### WORK REQUEST
Using the listing below, give again exactly the lines from the line with "Zum Transport wird" to the line with "TDAG: A Transaction", inclusive, without the pictures.
BEGIN WORKING DATA
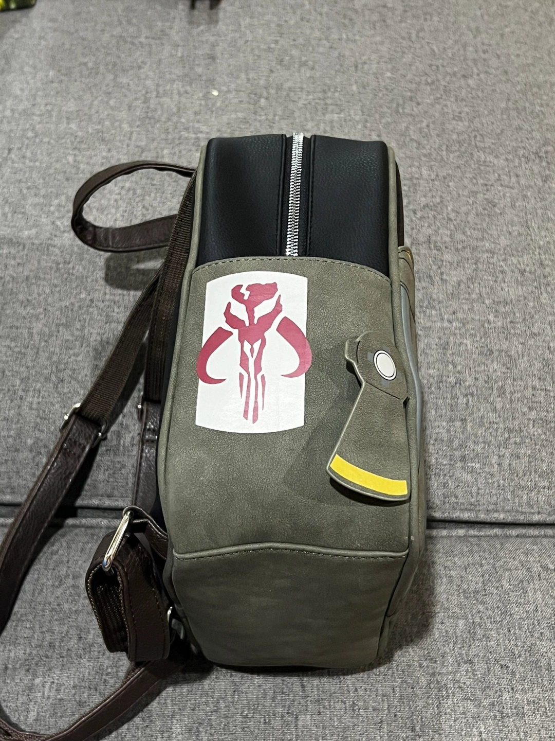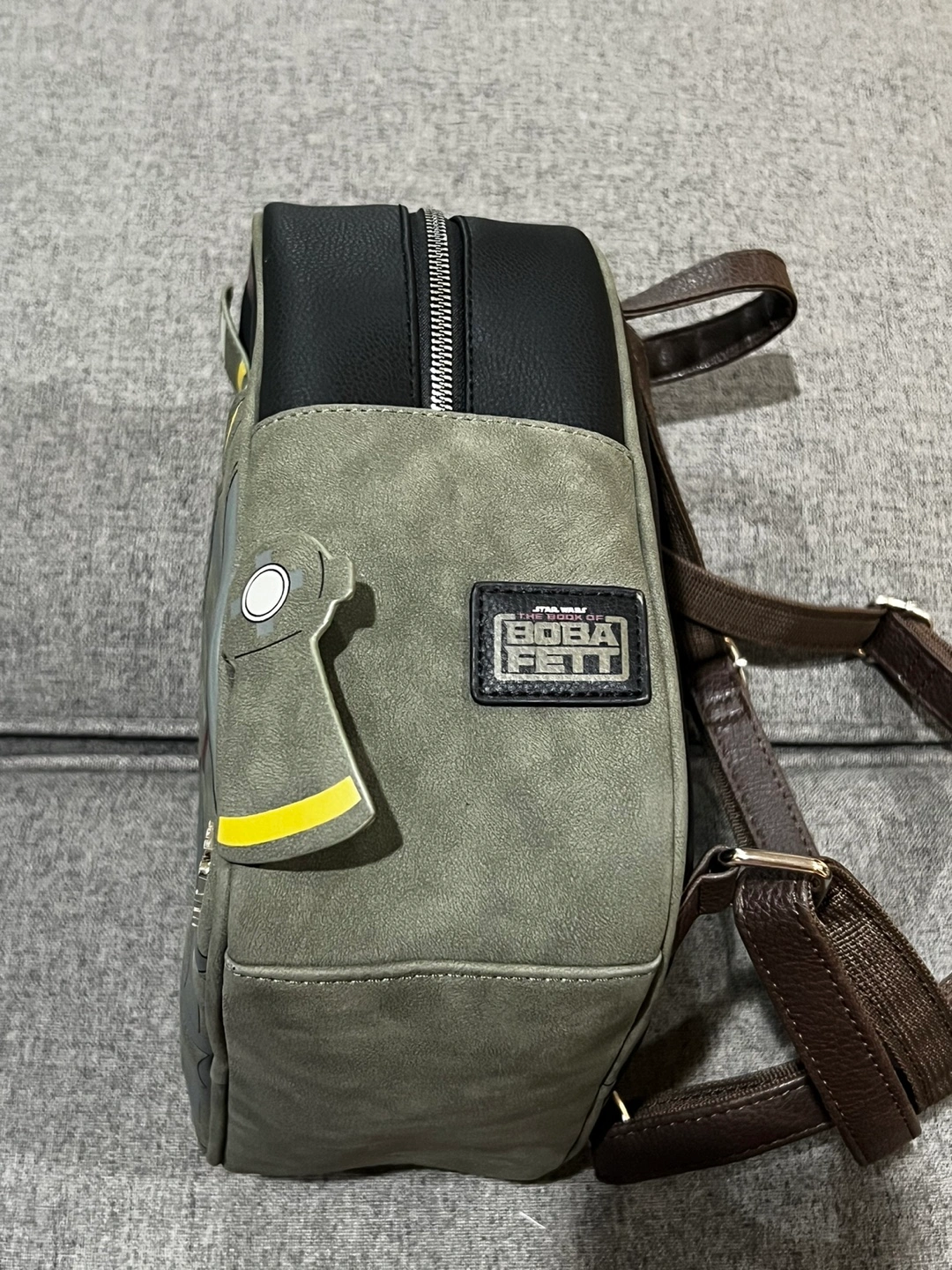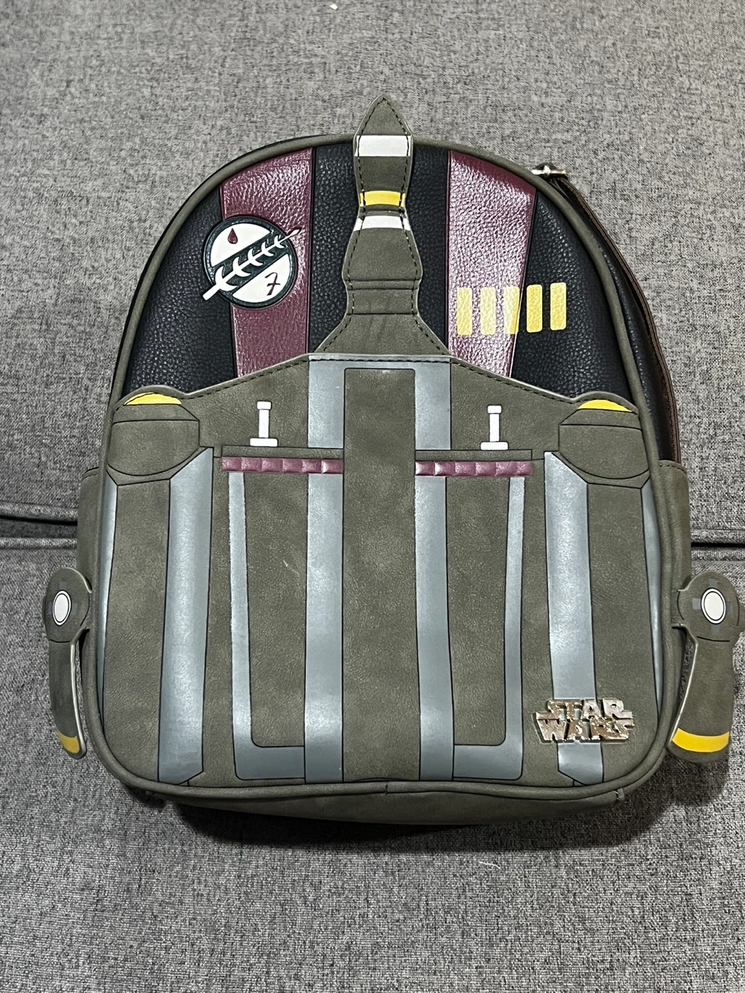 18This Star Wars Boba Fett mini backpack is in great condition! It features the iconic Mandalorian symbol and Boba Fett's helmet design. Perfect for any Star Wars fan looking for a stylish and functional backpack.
END WORKING DATA
BEGIN WORKING DATA
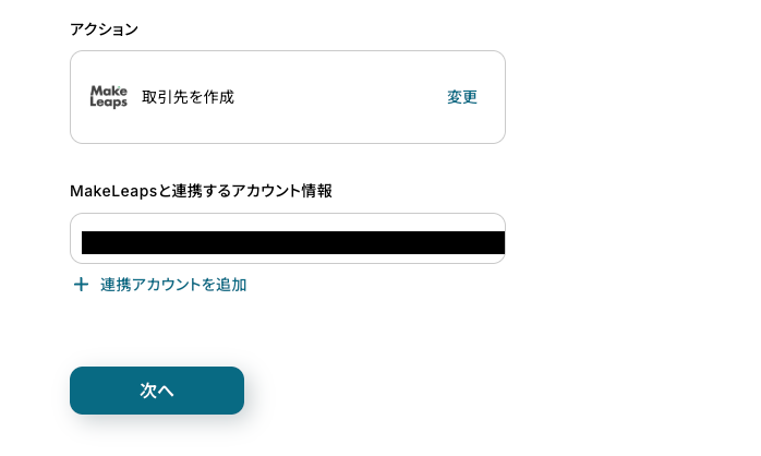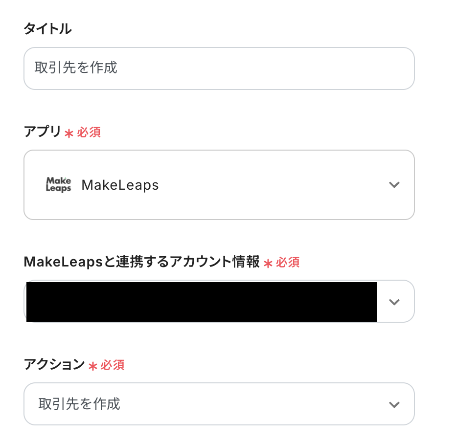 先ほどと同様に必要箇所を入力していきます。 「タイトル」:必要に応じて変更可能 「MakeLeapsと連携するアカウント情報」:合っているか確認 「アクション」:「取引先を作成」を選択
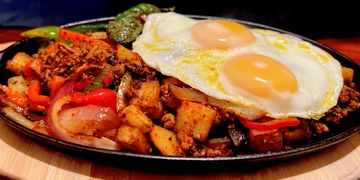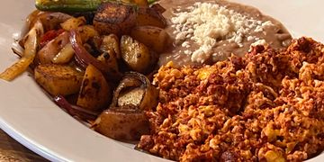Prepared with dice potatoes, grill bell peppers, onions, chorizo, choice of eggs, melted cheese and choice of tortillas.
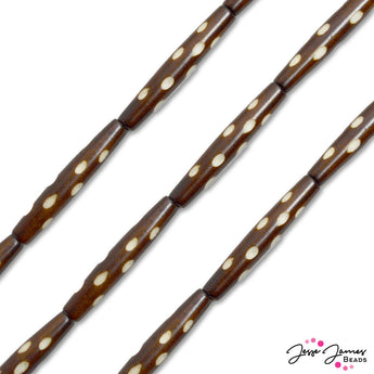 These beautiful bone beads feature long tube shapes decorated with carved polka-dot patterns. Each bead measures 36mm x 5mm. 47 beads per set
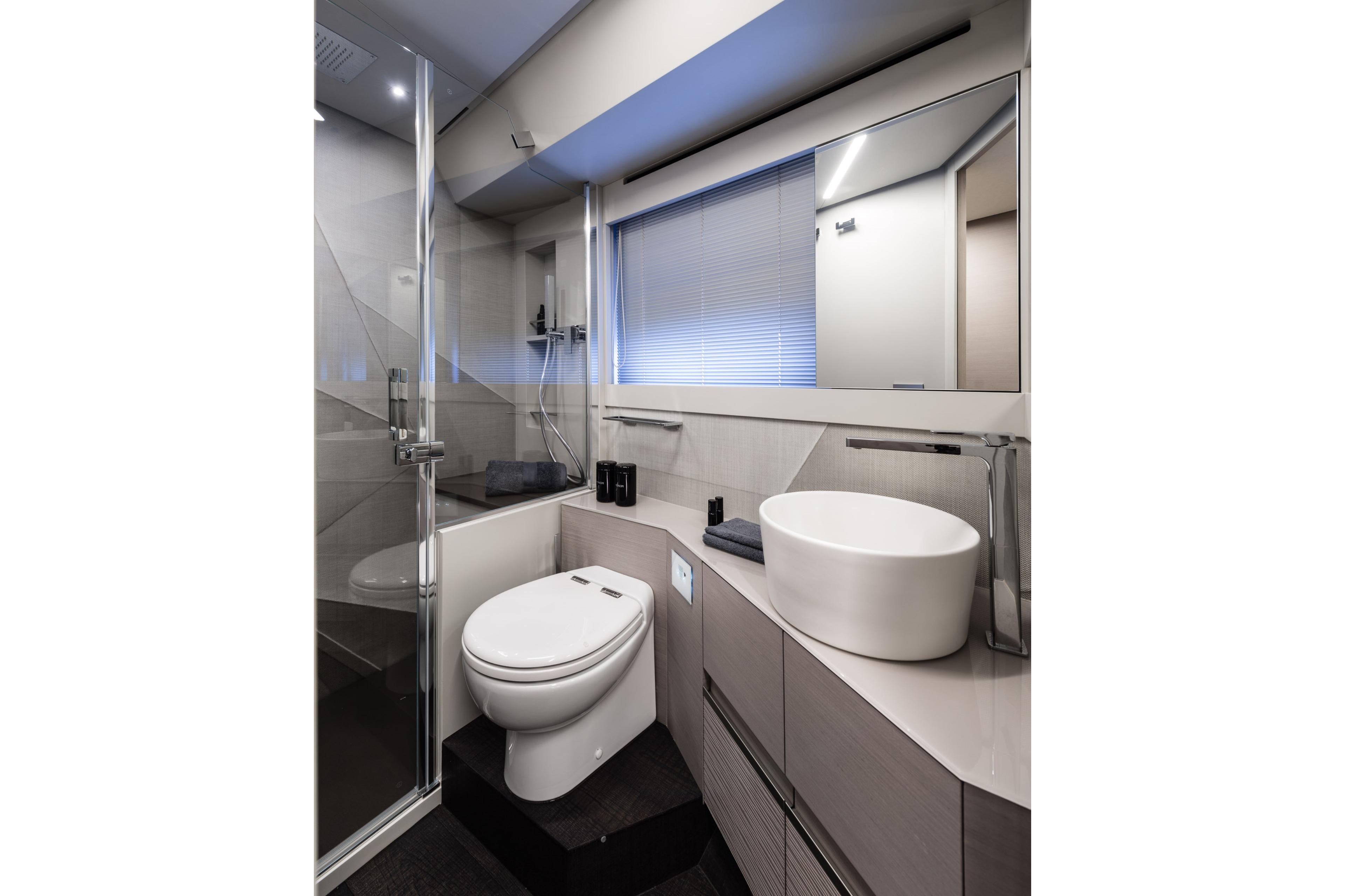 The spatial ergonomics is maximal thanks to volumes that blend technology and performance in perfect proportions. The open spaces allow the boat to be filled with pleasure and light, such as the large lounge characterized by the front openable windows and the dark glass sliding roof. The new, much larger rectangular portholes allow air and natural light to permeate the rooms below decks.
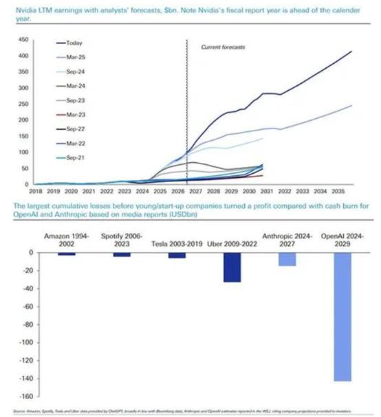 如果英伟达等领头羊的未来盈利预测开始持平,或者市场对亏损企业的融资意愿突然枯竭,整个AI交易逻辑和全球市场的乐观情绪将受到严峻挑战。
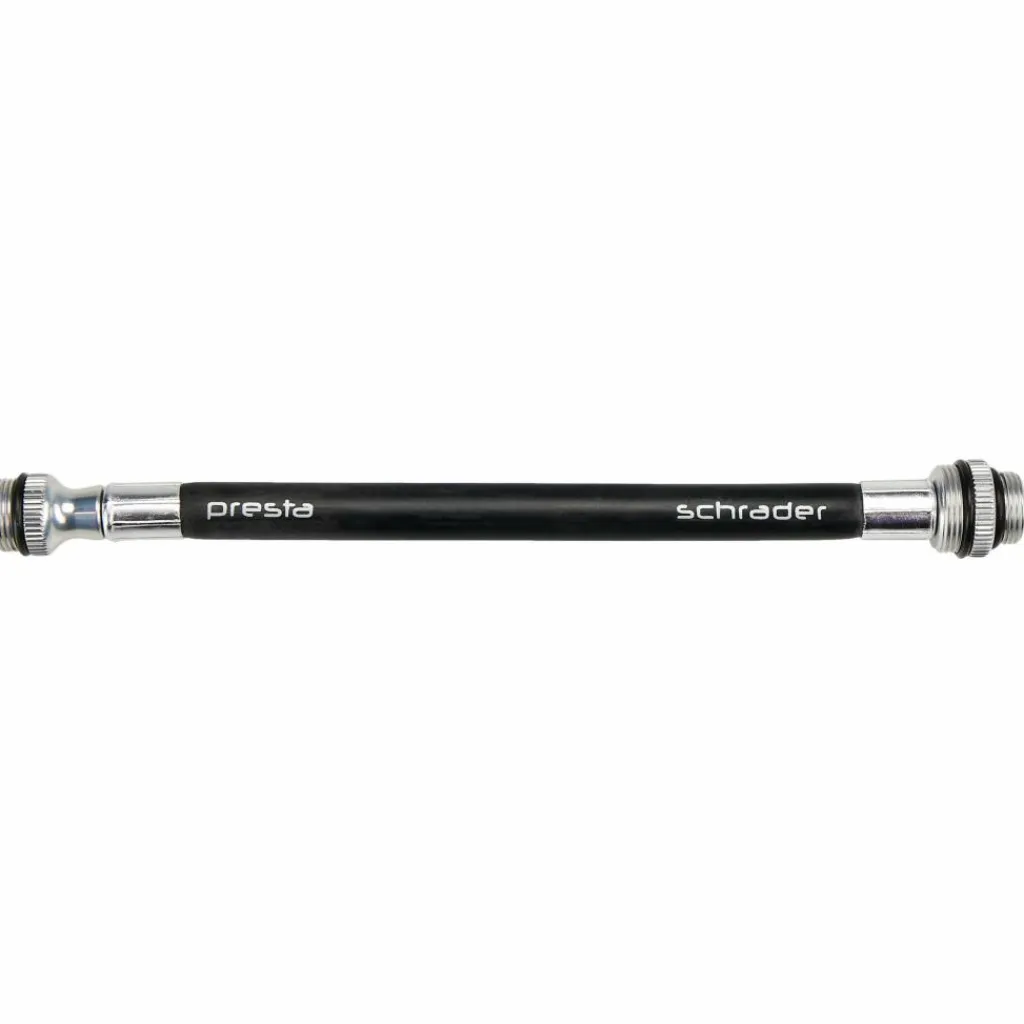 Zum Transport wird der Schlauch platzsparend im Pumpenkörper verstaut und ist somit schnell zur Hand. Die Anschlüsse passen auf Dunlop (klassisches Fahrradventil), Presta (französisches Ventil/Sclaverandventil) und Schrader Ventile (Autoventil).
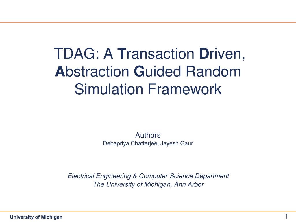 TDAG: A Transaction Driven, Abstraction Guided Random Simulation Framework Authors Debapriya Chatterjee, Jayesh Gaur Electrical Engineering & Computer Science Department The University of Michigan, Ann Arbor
END WORKING DATA
### RESPONSE AREA
 Zum Transport wird der Schlauch platzsparend im Pumpenkörper verstaut und ist somit schnell zur Hand. Die Anschlüsse passen auf Dunlop (klassisches Fahrradventil), Presta (französisches Ventil/Sclaverandventil) und Schrader Ventile (Autoventil).
 TDAG: A Transaction Driven, Abstraction Guided Random Simulation Framework Authors Debapriya Chatterjee, Jayesh Gaur Electrical Engineering & Computer Science Department The University of Michigan, Ann Arbor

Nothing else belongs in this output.